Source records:
▬▬▬

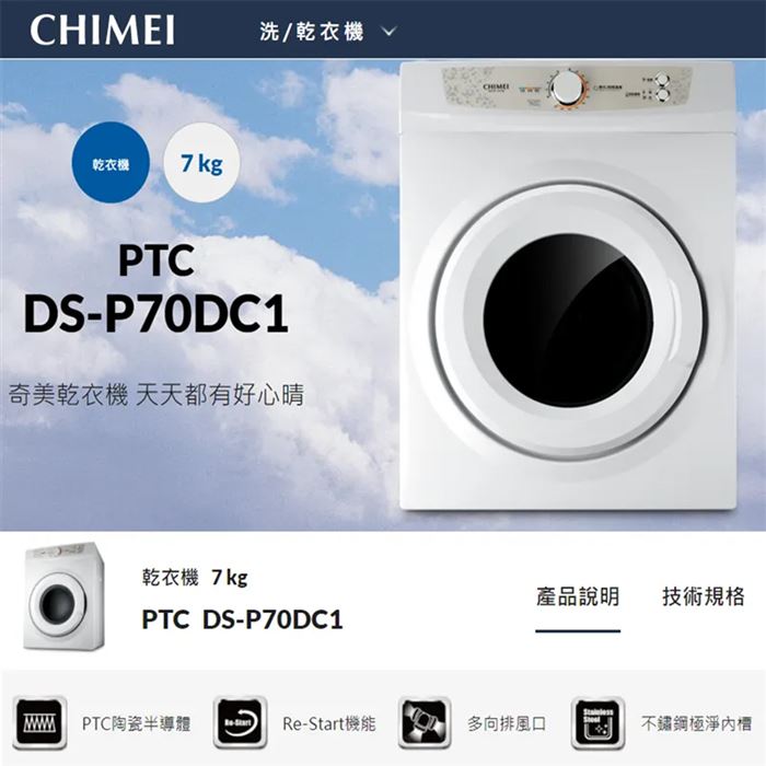 | 商品名稱 | CHIMEI奇美 7KG好心晴乾衣機 DS-P70DC1基本安裝/舊機回收 |
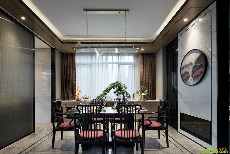 餐廳空間擺設(shè)簡(jiǎn)潔的方形大理石餐桌和黑色木質(zhì)座椅,簡(jiǎn)練的線條配以紅色坐墊,延續(xù)現(xiàn)代中式意蘊(yùn)。
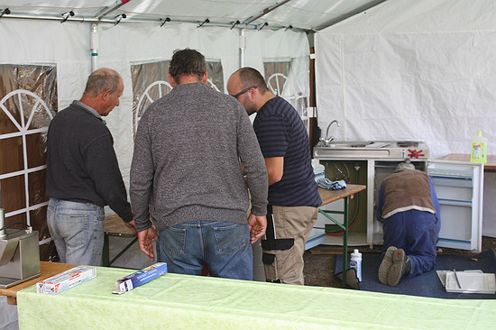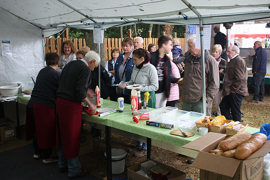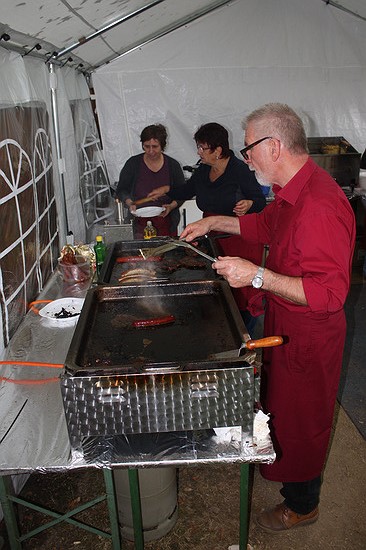 Sierscheider Kirmes 2016Erste kulinarische Kirmes in Sierscheid17. und 18.09.2016Guter Besuch und Feierlaune mit extremer Ausdauer in SierscheidDas Wetter, immer ein Thema bei einer Freiluftveranstaltung. So war es noch in der Woche des Aufbaus heiß und trocken. Aber pünktlich zum Kirmessamstag schlug es um und abends regnete es. Doch das war offensichtlich für die zahlreichen Besucherinnen und Besucher kein Grund, zu Hause zu bleiben. Und Sierscheid hatte sich Neues auf die Fahnen geschrieben: Es sollte eine kulinarische Kirmes werden. So lag der Gedanke nahe, mehr aus der heimischen Jagd anzubieten. Die schon berühmte Hirschgulaschsuppe wurde daher mit extra hergestellten Wildwürsten ergänzt. Daneben gab es aber natürlich auch "normale" Steaks, Pommes, Salate, selbst gemachte Kuchen und so weiter. Samstag
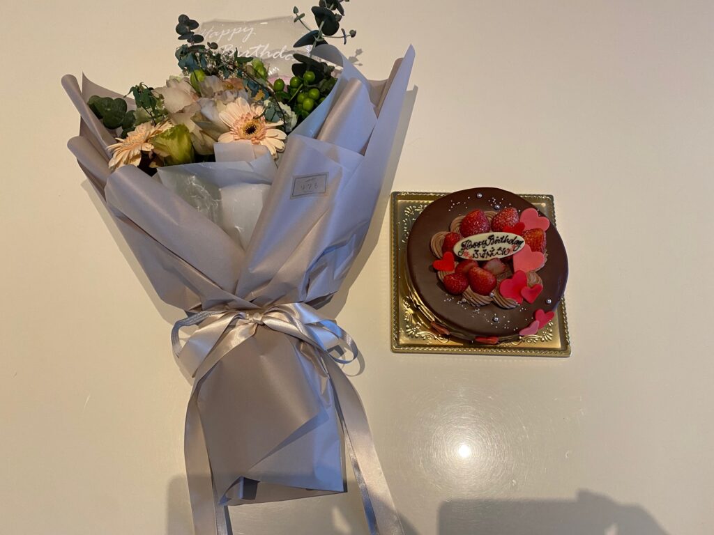 社員一同よりお花とケーキをいただきました (#^.^#)
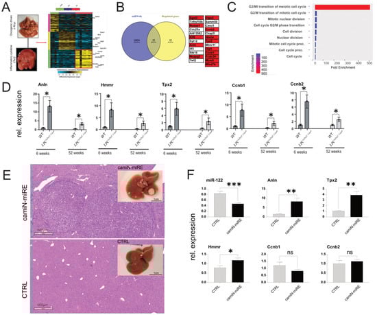 Analysis of gene expression in the livers of LT and c-myc mice. (A) Unsupervised hierarchical clustering of the genes regulated in the livers of LT α/β and c-Myc overexpressing mice. The color scale illustrates the fold change of mRNAs across the samples (Generated by Altanalyze). (B) Overlap between significantly downregulated genes and miRWalk predicted miR−122 targets. (C) ShinyGO enrichment analysis of potential miR−122 targets. (D) qPCR analysis of the expression of highly enriched genes in the liver of LPCΔTraf2, Casp8 animals at 6 and 52 weeks (n = 4). (E) Representative livers and HE staining of camiN-mirE and matching control (CTRL) untreated mice. (F) qPCR analysis of miR−122, Anln, Hmmr, Tpx2, Ccnb1, and Ccnb2, in the RNAs extracted from the livers of camiN-mirE (n = 7) and CTRL (n = 4) mice. Results are represented as mean ± SD, significant differences were evaluated by using the t-test (ns = Not significant; *, p ≤ 0.05; **, p ≤ 0.01; and ***, p ≤ 0.001).

▬▬▬

**Work instruction:** Only the lines above from the one containing "Sierscheider Kirmes 2016Erste" through the one containing "社員一同よりお花とケーキをいただきました (#^.^#)" should be returned, verbatim and inclusive, with pictures excluded.

**The completed task:**
 Sierscheider Kirmes 2016Erste kulinarische Kirmes in Sierscheid17. und 18.09.2016Guter Besuch und Feierlaune mit extremer Ausdauer in SierscheidDas Wetter, immer ein Thema bei einer Freiluftveranstaltung. So war es noch in der Woche des Aufbaus heiß und trocken. Aber pünktlich zum Kirmessamstag schlug es um und abends regnete es. Doch das war offensichtlich für die zahlreichen Besucherinnen und Besucher kein Grund, zu Hause zu bleiben. Und Sierscheid hatte sich Neues auf die Fahnen geschrieben: Es sollte eine kulinarische Kirmes werden. So lag der Gedanke nahe, mehr aus der heimischen Jagd anzubieten. Die schon berühmte Hirschgulaschsuppe wurde daher mit extra hergestellten Wildwürsten ergänzt. Daneben gab es aber natürlich auch "normale" Steaks, Pommes, Salate, selbst gemachte Kuchen und so weiter. Samstag
 社員一同よりお花とケーキをいただきました (#^.^#)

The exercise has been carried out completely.